## Required work:
Please return every line in the entries below with the word "cubes" in it.

■ ■ ■ ■

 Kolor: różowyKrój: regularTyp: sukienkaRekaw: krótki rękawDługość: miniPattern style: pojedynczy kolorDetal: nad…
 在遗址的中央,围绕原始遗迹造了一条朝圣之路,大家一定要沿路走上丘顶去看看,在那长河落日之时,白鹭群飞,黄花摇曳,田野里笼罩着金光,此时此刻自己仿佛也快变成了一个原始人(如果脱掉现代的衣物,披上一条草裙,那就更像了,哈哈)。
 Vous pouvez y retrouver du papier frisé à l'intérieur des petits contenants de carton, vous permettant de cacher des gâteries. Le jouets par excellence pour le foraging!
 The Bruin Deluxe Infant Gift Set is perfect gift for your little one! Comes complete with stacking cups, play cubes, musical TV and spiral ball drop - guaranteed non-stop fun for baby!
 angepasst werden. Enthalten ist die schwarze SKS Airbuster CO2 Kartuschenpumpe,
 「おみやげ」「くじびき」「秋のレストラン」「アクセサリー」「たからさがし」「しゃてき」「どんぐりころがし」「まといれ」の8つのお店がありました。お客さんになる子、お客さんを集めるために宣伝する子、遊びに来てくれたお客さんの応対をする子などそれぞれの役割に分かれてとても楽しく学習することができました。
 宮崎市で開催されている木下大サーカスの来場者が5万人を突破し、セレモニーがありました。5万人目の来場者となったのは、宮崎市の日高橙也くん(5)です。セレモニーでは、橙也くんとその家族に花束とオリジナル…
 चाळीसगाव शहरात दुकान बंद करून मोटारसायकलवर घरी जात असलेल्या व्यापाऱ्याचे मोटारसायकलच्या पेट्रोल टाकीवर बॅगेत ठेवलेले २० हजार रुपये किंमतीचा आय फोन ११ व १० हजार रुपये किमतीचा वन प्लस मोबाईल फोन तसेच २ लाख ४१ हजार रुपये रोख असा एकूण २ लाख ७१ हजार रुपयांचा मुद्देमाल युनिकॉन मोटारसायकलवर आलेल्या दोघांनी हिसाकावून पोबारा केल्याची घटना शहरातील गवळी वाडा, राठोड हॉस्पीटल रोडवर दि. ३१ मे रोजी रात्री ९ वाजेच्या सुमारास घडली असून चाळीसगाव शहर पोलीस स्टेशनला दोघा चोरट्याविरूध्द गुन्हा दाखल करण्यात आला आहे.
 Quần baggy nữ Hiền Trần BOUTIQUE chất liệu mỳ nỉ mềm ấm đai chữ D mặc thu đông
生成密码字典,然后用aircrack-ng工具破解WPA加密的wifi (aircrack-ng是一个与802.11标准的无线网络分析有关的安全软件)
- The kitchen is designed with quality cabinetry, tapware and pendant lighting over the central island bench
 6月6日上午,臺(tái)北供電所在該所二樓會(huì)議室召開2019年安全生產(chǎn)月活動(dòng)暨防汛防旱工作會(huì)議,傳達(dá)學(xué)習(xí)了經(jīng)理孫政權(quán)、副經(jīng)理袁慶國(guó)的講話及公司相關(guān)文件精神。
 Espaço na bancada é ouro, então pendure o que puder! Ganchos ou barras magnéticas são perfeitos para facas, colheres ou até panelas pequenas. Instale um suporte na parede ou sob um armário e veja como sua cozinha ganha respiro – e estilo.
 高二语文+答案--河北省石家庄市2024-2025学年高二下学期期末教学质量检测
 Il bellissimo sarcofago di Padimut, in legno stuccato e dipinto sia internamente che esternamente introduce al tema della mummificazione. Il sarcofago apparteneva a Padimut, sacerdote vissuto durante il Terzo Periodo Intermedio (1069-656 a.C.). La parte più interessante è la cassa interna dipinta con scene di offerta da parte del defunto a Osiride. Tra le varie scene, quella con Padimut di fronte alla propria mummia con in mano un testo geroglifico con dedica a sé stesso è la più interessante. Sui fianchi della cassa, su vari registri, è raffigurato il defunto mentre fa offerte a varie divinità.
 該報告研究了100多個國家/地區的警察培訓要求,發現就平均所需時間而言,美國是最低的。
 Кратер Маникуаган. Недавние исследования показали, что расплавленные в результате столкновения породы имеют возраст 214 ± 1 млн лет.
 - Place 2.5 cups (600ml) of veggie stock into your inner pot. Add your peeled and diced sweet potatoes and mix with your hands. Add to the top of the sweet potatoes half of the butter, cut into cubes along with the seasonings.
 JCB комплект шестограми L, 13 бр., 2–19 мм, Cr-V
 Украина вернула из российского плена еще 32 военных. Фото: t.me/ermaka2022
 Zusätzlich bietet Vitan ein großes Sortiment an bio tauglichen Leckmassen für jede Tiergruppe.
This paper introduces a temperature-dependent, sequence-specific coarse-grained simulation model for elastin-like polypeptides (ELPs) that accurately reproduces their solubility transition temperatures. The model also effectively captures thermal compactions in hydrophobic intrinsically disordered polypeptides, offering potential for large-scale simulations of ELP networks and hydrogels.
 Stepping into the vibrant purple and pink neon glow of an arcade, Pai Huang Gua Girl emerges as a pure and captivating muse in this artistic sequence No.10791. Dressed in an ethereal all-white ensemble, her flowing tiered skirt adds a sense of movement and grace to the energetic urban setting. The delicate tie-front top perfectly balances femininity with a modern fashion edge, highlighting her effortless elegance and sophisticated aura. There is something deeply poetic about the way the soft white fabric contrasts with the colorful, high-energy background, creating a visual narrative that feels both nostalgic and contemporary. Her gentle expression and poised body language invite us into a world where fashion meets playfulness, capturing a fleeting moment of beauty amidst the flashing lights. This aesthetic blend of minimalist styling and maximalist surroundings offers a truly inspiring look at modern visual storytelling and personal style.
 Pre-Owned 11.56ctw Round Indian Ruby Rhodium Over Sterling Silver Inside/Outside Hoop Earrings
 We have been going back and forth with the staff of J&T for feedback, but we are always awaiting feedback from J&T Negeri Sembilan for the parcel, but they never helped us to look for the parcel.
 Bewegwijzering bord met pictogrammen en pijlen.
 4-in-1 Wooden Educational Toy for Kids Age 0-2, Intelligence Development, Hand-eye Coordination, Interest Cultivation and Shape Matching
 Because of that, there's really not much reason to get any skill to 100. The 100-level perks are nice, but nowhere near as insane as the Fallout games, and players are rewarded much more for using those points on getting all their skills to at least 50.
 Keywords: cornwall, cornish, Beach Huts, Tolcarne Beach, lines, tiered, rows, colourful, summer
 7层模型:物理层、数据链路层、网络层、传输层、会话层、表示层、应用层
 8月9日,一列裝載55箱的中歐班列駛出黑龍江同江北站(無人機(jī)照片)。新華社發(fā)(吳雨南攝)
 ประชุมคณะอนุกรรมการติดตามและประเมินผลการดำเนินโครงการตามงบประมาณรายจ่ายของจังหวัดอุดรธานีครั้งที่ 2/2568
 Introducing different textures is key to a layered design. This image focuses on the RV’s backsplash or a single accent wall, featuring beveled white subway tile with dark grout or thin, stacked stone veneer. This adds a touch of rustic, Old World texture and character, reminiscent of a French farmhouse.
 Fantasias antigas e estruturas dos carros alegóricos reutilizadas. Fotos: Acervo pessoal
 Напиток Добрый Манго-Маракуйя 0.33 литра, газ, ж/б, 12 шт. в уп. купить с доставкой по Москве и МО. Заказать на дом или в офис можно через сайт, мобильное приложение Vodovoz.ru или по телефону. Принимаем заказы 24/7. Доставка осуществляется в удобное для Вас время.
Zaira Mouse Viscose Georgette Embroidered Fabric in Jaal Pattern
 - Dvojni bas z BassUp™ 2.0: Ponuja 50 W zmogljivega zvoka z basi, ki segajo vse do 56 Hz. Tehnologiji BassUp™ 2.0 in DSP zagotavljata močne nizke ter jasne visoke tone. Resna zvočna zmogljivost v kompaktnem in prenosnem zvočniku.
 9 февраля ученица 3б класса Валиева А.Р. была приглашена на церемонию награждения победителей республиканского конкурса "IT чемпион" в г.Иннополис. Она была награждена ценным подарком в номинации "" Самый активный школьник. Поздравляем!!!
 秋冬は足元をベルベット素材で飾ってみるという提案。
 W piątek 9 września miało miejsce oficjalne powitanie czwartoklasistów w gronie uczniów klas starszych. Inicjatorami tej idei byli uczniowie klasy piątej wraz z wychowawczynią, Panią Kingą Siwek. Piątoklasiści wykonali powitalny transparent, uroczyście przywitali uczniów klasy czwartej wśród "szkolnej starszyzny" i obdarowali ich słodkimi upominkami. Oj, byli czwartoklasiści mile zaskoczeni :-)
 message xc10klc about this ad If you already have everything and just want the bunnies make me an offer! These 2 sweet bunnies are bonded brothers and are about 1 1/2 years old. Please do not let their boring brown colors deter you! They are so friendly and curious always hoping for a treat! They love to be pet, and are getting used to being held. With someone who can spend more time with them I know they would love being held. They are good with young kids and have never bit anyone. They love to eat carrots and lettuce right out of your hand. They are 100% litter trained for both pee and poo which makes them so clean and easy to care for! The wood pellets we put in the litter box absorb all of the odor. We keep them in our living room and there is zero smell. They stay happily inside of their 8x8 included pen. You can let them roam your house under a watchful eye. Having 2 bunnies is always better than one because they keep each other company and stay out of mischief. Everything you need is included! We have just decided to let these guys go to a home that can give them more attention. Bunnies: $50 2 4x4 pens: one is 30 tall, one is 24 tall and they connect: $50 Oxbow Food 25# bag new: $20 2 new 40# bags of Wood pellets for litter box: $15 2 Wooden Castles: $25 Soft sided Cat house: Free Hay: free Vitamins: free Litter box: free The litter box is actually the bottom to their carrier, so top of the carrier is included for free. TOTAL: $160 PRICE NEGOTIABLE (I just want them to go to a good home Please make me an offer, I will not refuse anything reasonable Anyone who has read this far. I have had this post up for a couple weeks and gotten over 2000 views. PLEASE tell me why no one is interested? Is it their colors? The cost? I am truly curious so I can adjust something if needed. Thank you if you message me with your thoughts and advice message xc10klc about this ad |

■ ■ ■ ■

## Exercise answer:
 The Bruin Deluxe Infant Gift Set is perfect gift for your little one! Comes complete with stacking cups, play cubes, musical TV and spiral ball drop - guaranteed non-stop fun for baby!
 - Place 2.5 cups (600ml) of veggie stock into your inner pot. Add your peeled and diced sweet potatoes and mix with your hands. Add to the top of the sweet potatoes half of the butter, cut into cubes along with the seasonings.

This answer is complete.